Abstract

We describe the properties of a mixture of fermionic and bosonic atoms, as they are tuned across a Feshbach resonance associated with a fermionic molecular state. Provided the number of fermionic atoms exceeds the number of bosonic atoms, we argue that there is a critical detuning at which the Bose-Einstein condensate (BEC) is completely depleted. The phases on either side of this quantum phase transition can also be distinguished by the distinct Luttinger constraints on their Fermi surfaces. In both phases, the total volume enclosed by all Fermi surfaces is constrained by the total number of fermions.
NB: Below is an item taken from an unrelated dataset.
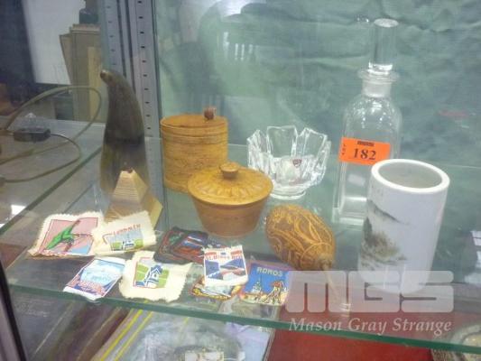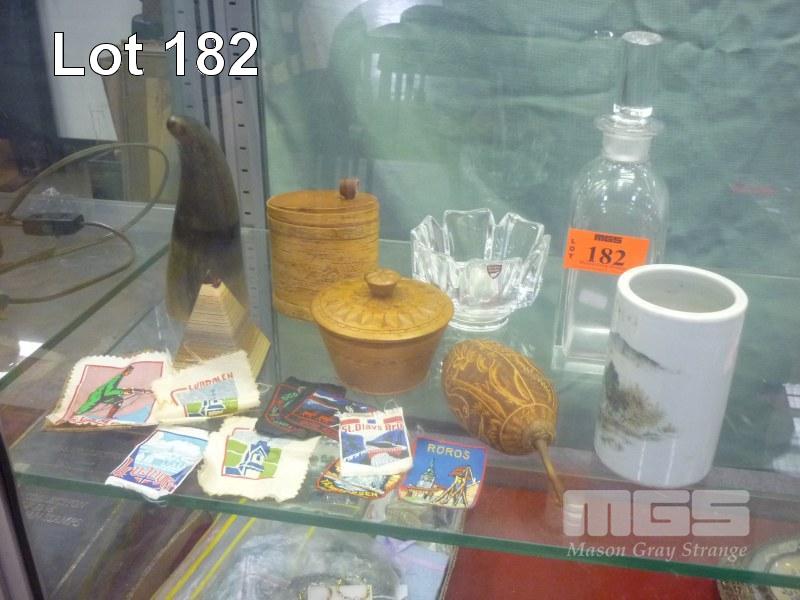 ASSORTED TREEN, CRYSTALWARE, CHINESE PORCELAIN, HORN, CARVED STONE PYRAMID & CLOTH BADGES

However, in the phase without the BEC, which has two Fermi surfaces, there is a second Luttinger constraint: the volume enclosed by one of the Fermi surfaces is constrained by the total number of bosons, so that the volumes enclosed by the two Fermi surfaces are separately conserved. The phase with the BEC may have one or two Fermi surfaces, but only their total volume is conserved. We obtain the phase diagram as a function of atomic parameters and temperature, and describe critical fluctuations in the vicinity of all transitions. We make quantitative predictions valid for the case of a narrow Feshbach resonance, but we expect the qualitative features we describe to be more generally applicable. As an aside, we point out intriguing connections between the BEC depletion transition and the transition to the fractionalized Fermi liquid in Kondo lattice models.